第11章 絶望
天井に張り付く呪霊を巻き込んで、彼女を閉じ込めていた結界が、建物ごと崩壊する。
これは、悟の術式だと、なまえはすぐに分かった。崩壊し、露わになった外から、夕焼けが差し込んだ。
呪霊の結界による、時間のずれ。
だから、『逢魔時』が発動しなかったのだと、彼女は理解した。
崩れ落ちた壁の、その向こうに。白い髪が、夕焼けの中で宝石のように輝いていた。肩で息をする、彼の姿。恐らく、なまえにとってここでは小一時間しか経っていないはずが、外では数日過ぎていたのかもしれない。

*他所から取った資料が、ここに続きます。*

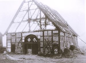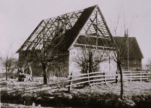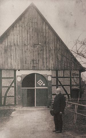Fachwerkhaus, erbaut 1755. Vierständerbau von sechs Fachen Länge mit Brettergiebeln, zuletzt mit Backsteinausfachung. Torbogen mit langer Inschrift und Tulpenmedaillons mit den Namen der Erbauer, abgebrochen 1958.

心配して、急いで来てくれたんだと。それだけで、嬉しかった。
静かに、なまえは自分の体を見下ろす。
左腹部に、突き刺さる鋭い針。
針が刺さった部分から、体がふわりと発光を始める。
顔を上げれば、目を見開いた五条が、なまえへと向かって駆け出し、右手を伸ばした。つられて、なまえ自身も、彼の伸ばした手に重ねようと、右手を伸ばして。
彼の手に触れたと思ったなまえの右手は、かき散らされるように、光の粒子となって消えた。
見れば、なまえの体は、どこもかしこも光っていて。まるで、花火の様だと彼女は思った。
あの日、4人でした。あの、花火の様だと。
呆然とした顔をする五条に、なまえは口を開く。光となって崩れていく体。声は、出るだろうか。まだ、伝えていないことが、あった。
「好きだよ、悟」
恐怖なのか、絶望なのか、くしゃりと、彼の顔が歪んで。
もっと喜んだ顔をしてほしかったと、彼女は思った。あの、クリスマスの日に。この言葉を言えていたら、彼は笑ってくれただろうか。
戻らない過去に、彼女は笑って。
そして、みょうじなまえは消えた。
美しく咲いて散る、花火の様に。